I did a little research today on how Juliano may be doing his raw coffee. Let me step back a moment though, and give you some history. I have mentioned in the past that my husband and I have always enjoyed having coffee together. It is not so much the flavor, but the ritual behind it, etc. Well, this weekend a package was delivered to us that had a home coffee roaster that my husband had purchased. I learned a lot about the process of roasting coffee by experimenting with him this weekend with the roaster. Now, of course, roasting is obviously not raw. But, in the mean time, I took some of the green coffee beans and soaked them for twenty four hours, and then sprouted them. This morning I took the sprouted beans and ground them up in a clean coffee grinder, and to my surprise, they were brown on the inside! (Also I should mention that after I was done soaking them, the water was turquoise!). I put the green grounds into a a cup and heated water to just 90 degrees and then poured the water over the beans to let them “brew”. After 10 min. I poured the brew through a nut milk bag to strain off the coffee grounds. The coffee was much weaker, but still tasted like coffee, but without the bitter flavor.

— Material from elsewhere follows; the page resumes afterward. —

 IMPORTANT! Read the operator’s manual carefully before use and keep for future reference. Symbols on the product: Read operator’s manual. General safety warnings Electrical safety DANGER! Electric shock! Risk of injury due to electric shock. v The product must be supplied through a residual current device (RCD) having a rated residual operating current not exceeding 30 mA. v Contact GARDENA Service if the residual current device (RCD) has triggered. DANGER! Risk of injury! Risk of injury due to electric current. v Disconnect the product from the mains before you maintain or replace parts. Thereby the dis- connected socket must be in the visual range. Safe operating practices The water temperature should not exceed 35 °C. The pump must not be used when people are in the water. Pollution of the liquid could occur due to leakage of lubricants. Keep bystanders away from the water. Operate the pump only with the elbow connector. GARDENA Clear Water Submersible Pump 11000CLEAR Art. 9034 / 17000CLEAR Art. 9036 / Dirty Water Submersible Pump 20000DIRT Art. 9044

The lack of bitter flavor made me wonder about the caffeine content of the green coffee, since regular coffee gets it’s bitterness fromt he caffeine. So after doing some research on google, I found a way to decaf. green beans using only water, called the Swiss System. I think that soaking the beans might have done a sort of natural decaf. process, of course there is no way for me to measure this.
Supposedly, the Swiss System is a “natural” way to decaf. green coffee beans (natural in the sense that it doesn’t use chemicals and only water). It is unclear though at what temp the water is in the Swiss System. But, if just soaking the green beans extracts the caffeine, and then you carefully monitor the water temp used to make the coffee, I think we might just have found the key to Julianos raw coffee!
Here is a link to the Swiss System website that has both a video and narrative explanation of the process: http://www.swisswater.com/decaf/process
I would love other’s knowlege, thoughts, and experiences with this…especially if you have tasted Juliano’s raw coffee at his restaurant!